**Activity:** A word-for-word copy of the data, pictures excluded, is what this task asks for.

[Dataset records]
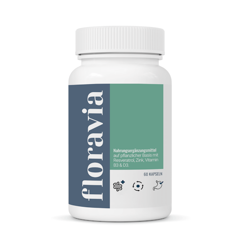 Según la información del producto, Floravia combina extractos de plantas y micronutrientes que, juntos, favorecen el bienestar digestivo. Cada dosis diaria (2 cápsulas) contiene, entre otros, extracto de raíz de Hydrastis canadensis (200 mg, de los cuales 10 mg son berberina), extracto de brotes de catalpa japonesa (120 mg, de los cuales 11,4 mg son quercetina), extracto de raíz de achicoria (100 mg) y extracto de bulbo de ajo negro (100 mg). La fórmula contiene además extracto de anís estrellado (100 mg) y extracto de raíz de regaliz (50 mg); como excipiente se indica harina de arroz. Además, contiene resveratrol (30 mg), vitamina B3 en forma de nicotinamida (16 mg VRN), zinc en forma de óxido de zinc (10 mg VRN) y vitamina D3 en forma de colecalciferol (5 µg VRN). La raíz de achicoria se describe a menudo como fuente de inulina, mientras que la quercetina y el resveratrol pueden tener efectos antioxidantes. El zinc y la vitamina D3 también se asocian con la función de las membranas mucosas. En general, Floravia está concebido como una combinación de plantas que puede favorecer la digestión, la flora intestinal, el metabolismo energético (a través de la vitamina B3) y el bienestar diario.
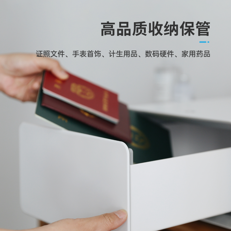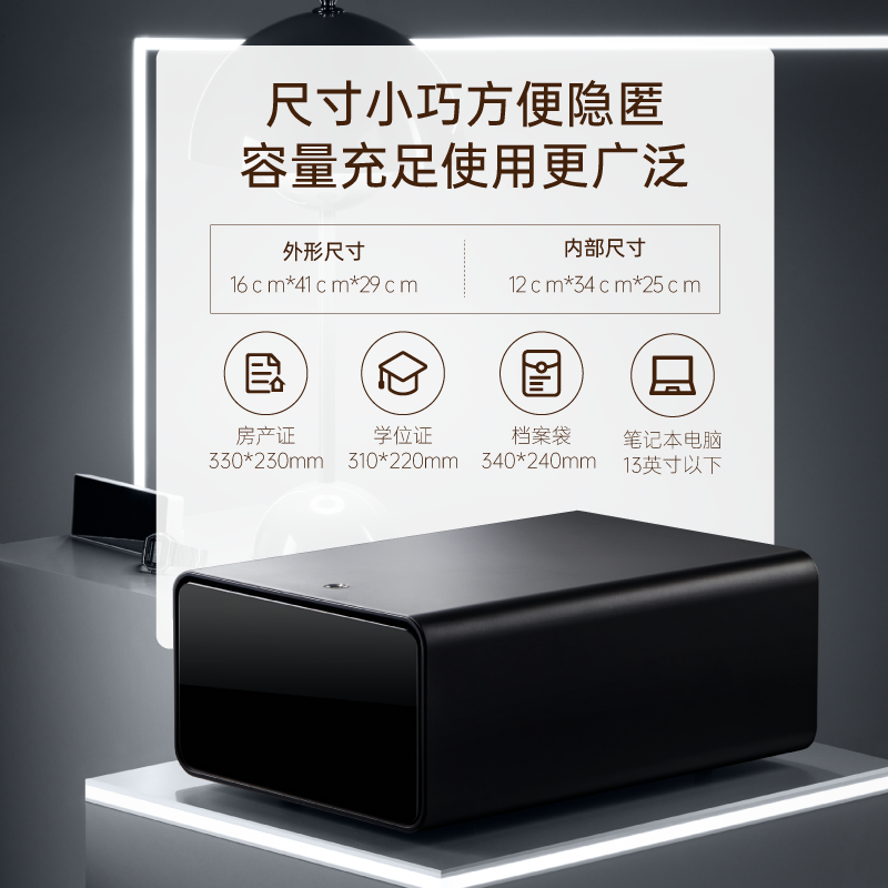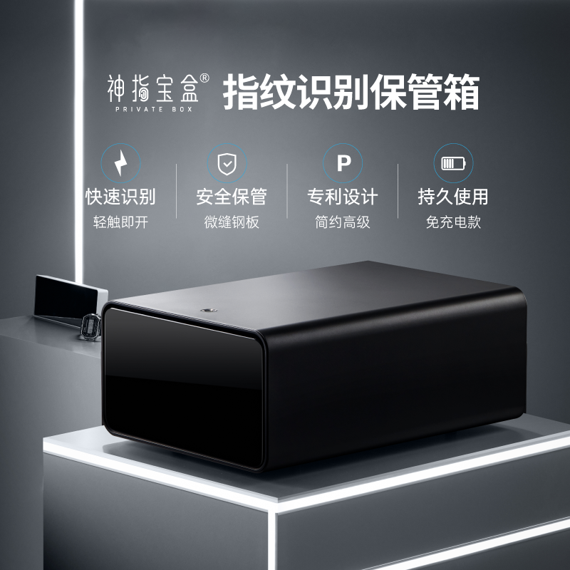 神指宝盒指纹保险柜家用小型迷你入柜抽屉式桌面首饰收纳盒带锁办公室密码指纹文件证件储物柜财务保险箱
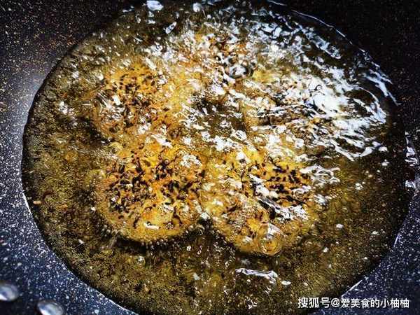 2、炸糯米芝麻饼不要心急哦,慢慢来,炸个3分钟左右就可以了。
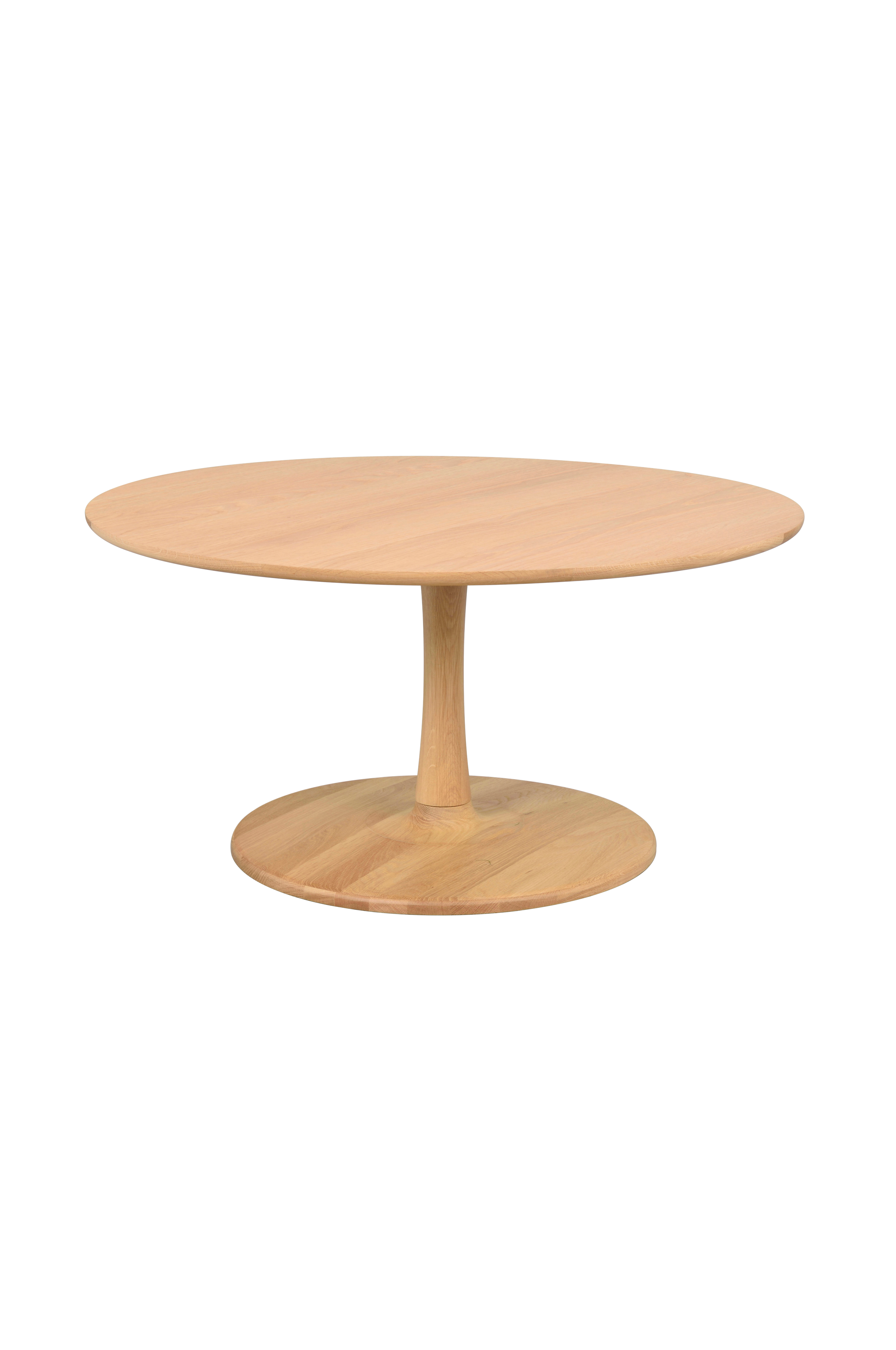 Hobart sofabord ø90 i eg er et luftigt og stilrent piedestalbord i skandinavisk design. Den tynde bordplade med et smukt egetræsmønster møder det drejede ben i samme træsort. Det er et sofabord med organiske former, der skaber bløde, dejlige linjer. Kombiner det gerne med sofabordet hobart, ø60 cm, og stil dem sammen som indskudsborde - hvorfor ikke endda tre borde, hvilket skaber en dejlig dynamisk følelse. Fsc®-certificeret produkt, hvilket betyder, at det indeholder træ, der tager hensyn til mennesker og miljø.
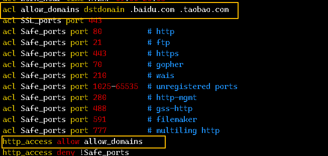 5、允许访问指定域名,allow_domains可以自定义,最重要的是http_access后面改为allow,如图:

**Finished exercise:**
 Según la información del producto, Floravia combina extractos de plantas y micronutrientes que, juntos, favorecen el bienestar digestivo. Cada dosis diaria (2 cápsulas) contiene, entre otros, extracto de raíz de Hydrastis canadensis (200 mg, de los cuales 10 mg son berberina), extracto de brotes de catalpa japonesa (120 mg, de los cuales 11,4 mg son quercetina), extracto de raíz de achicoria (100 mg) y extracto de bulbo de ajo negro (100 mg). La fórmula contiene además extracto de anís estrellado (100 mg) y extracto de raíz de regaliz (50 mg); como excipiente se indica harina de arroz. Además, contiene resveratrol (30 mg), vitamina B3 en forma de nicotinamida (16 mg VRN), zinc en forma de óxido de zinc (10 mg VRN) y vitamina D3 en forma de colecalciferol (5 µg VRN). La raíz de achicoria se describe a menudo como fuente de inulina, mientras que la quercetina y el resveratrol pueden tener efectos antioxidantes. El zinc y la vitamina D3 también se asocian con la función de las membranas mucosas. En general, Floravia está concebido como una combinación de plantas que puede favorecer la digestión, la flora intestinal, el metabolismo energético (a través de la vitamina B3) y el bienestar diario.
 神指宝盒指纹保险柜家用小型迷你入柜抽屉式桌面首饰收纳盒带锁办公室密码指纹文件证件储物柜财务保险箱
 2、炸糯米芝麻饼不要心急哦,慢慢来,炸个3分钟左右就可以了。
 Hobart sofabord ø90 i eg er et luftigt og stilrent piedestalbord i skandinavisk design. Den tynde bordplade med et smukt egetræsmønster møder det drejede ben i samme træsort. Det er et sofabord med organiske former, der skaber bløde, dejlige linjer. Kombiner det gerne med sofabordet hobart, ø60 cm, og stil dem sammen som indskudsborde - hvorfor ikke endda tre borde, hvilket skaber en dejlig dynamisk følelse. Fsc®-certificeret produkt, hvilket betyder, at det indeholder træ, der tager hensyn til mennesker og miljø.
 5、允许访问指定域名,allow_domains可以自定义,最重要的是http_access后面改为allow,如图:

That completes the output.